Solution of Homogeneous Differential Equation

Here you will learn how to find solution of homogeneous differential equation of first order first degree with examples.

Let’s begin –

Solution of Homogeneous Differential Equation

If a first degree first order differential equation is expressible in the form

$dy\over dx$ = $f(x, y)\over g(x, y)$

where f(x, y) and g(x, y) are homogeneous function of the same degree, then it is called a homogeneous differential equation,

Such type of equation can be reduced to variable seperable form by the substitution y = vx. Process is shown in the algorithm below.

Algorithm :

1). Put the differential equation in the form

$dy\over dx$ = $f(x, y)\over g(x, y)$

2). Put y = vx and $dy\over dx$ = v + x$dy\over dx$ in the equation in step 1 and cancel out x from the right hand side.

3).
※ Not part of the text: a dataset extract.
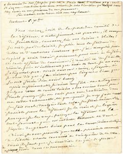 Très belle et longue lettre relative à la publication du Meunier d’Angibault, refusé par Le Constitutionnel, et offert à La Réforme (le traité sera signé le 17 décembre ; Sand recevant 6 000 francs comptants et 2 000 à terme). Louis Blanc avait demandé à Sand des feuilletons pour La Réforme, indiquant que ce journal était pauvre. « Hélas ! je n’ai pas de loisirs, je plie sous le fardeau de dettes et d’embarras énormes que j’ai acceptés parce qu’il y avait devoir personnel pour moi à le faire. Ce sont affaires de conscience, d’amitié et de famille, réunies, qui n’intéressent que moi et dont je ne vous fatiguerai pas. Mais vous me croirez, j’espère, si je vous dis que je n’aime pas l’argent, bien que je sois forcée d’en avoir besoin. […] Malgré tout cela je ferai même l’impossible pour la Réforme ; je le crois et je l’espère parce que je le veux, parce que la Réforme est le seul journal qui m’intéresse vivement et dont j’espère de grands biens pour la cause démocratique »... Elle explique qu’elle avait signé un traité avec Louis Véron « pour un certain nombre de volumes moyennant une somme considérable. Au second roman présenté à Mr Véron, mes tendances qu’il appelle communistes lui firent tant de peur, qu’il me chercha chicane, puis reconnut qu’il n’avait pas de droits sur ma pensée, et, après un échange de lettres où sa déloyauté finit par s’entourer de formes loyales, il me fit des offres d’argent pour m’engager à modifier nos traités, c’est-à-dire mes opinions. Je refusai l’un et l’autre, c’est-à-dire que je lui offris de rompre purement et simplement nos traités, ce qu’il accepta avec joie et reconnaissance, la popularité de mon succès n’étant pas en rapport avec le prix qu’il avait cru devoir y mettre. Il régla lui-même une indemnité pour le roman qu’il avait refusé, et je n’en acceptai pas pour ceux que j’aurais dû lui fournir plus tard. Je suis donc délivrée du Constitutionnel à ma grande satisfaction et je rentre dans la propriété d’un roman en 2 volumes, 24 longs feuilletons qui pourraient être coupés en 30 feuilletons suffisants ». Elle a chargé Hetzel de le placer, et a reçu une offre du National ; mais elle craint que le succès de son roman n’enlève alors des abonnés à La Réforme : « L’abonné est une bête frivole, l’abonné de province un démocrate assez borné, entre nous soit dit, qui ne fait pas toujours la distinction, pourtant si claire, d’une nuance démocratique à une autre. Il est démocrate, il veut un journal démocratique, il en existe deux. Il voit annoncer un roman qui l’ennuyera peut-être, mais dont il imagine qu’il pourra s’amuser, et il quitte le meilleur des deux journaux. Voilà ce dont je ne voudrais pas être cause »… Elle prie donc Louis Blanc de consulter le comité de La Réforme : « voyez s’il lui peut paraître avantageux d’acheter mon roman. Les nécessités fort sérieuses quoique bizarres de ma situation momentanée, me forcent d’aboutir à ce vilain mot d’acheter. J’ai emprunté à des amis pauvres pour sauver des amis plus pauvres. J’ai découvert St Pierre pour couvrir St Paul; et je ne puis pas ne pas payer des dettes sacrées. Je n’ai pas d’amis riches, pas un seul ! Les riches me haïssent. Ce peu de billets de banque dont j’ai absolument besoin est beaucoup pour ceux qui me les ont avancés, et je ne les ai pas. Pourtant à la rigueur, je peux sacrifier mille francs, deux mille francs peut-être pour faciliter l’acquisition de mon roman à la Réforme. […] Tout cela posé, je dois vous dire que mon roman ne vaut pas l’argent qu’on m’en offre, et pas même celui que je suis forcée d’en demander. Le roman est devenu une denrée de mode, exhorbitante, scandaleuse. La nécessité de ne pouvoir faire un peu de bien, qu’à la condition de vivre dans tout ce mal, est une des contradictions de notre vie présente, qui explique assez le spleen dont les rêveurs et les gens de bonne intention sont accablés en attendant des jours moins laids ». Elle demande le secret, et annonce son arrivée samedi à Paris : « Veuillez faire que je trouve une réponse de vous entre les mains de Mr Chopin qui est à Paris cour d’Orléans nº 9, rue St Lazare. Une heure après mon arrivée, je suis bien sûre qu’Hetzel sera chez moi et me pressera de me prononcer ». Elle ajoute : « J’ai achevé votre livre [Histoire de dix ans], c’est un chef-d’œuvre ». Correspondance, t. XXV, S 305.

Shift v on RHS and seperate the variables v and x.

4). Integrate both sides to obtain the solution in terms of v and x.

5). Replace v by $y\over x$ in the solution obtained in step 4 to obtain the solution in terms of x and y.

Example : Solve the differential equation $x^2$ dy + y(x + y) dx = 0.

Solution : The given differential equation is

$x^2$ dy + y(x + y) dx = 0

$\implies$ $x^2$ dy = -y(x + y) dx

$\implies$ $dy\over dx$ = -($xy + y^2\over x^2$)                      …………………(i)

Since each of the functions xy + $y^2$ and $x^2$ is a homogeneous function of degree 2.

Therefore, equation (i) is a homogeneous differential equation.

Putting y = vx and $dy\over dx$ = v + x$dv\over dx$ in (i), we get

v + x$dv\over dx$ = -($vx^2 + v^2x^2\over x^2$)

v + x$dv\over dx$ = -($v + v^2$)

x$dv\over dx$ = -($2v + v^2$)

xdv = -($v^2 + 2v$)dx

By Seperating the variable,

$1\over v^2 + 2v$ dv = $-dx\over x$

Integrating both sides.

$\implies$ $\int$ $1\over v^2 + 2v$ dv = $\int$ $-1\over x$ dx

$\int$ $1\over v^2 + 2v + 1- 1$ dv = $\int$ $-1\over x$ dx

$\int$ $1\over (v + 1)^2 – 1^2$ dv = $\int$ $-1\over x$ dx

$1\over 2$ $log{{v+1 – 1}\over {v+1+1}}$ = -log x + log C

$1\over 2$ $log{{v}\over {v+2}}$ = -log x + log C

$log{{v}\over {v+2}}$ + 2log x =  2log C

$log|{vx^2\over v+2}|$ = log k

Put v = y/x

k = $x^2y\over y + 2x$, which is the solution of differential equation.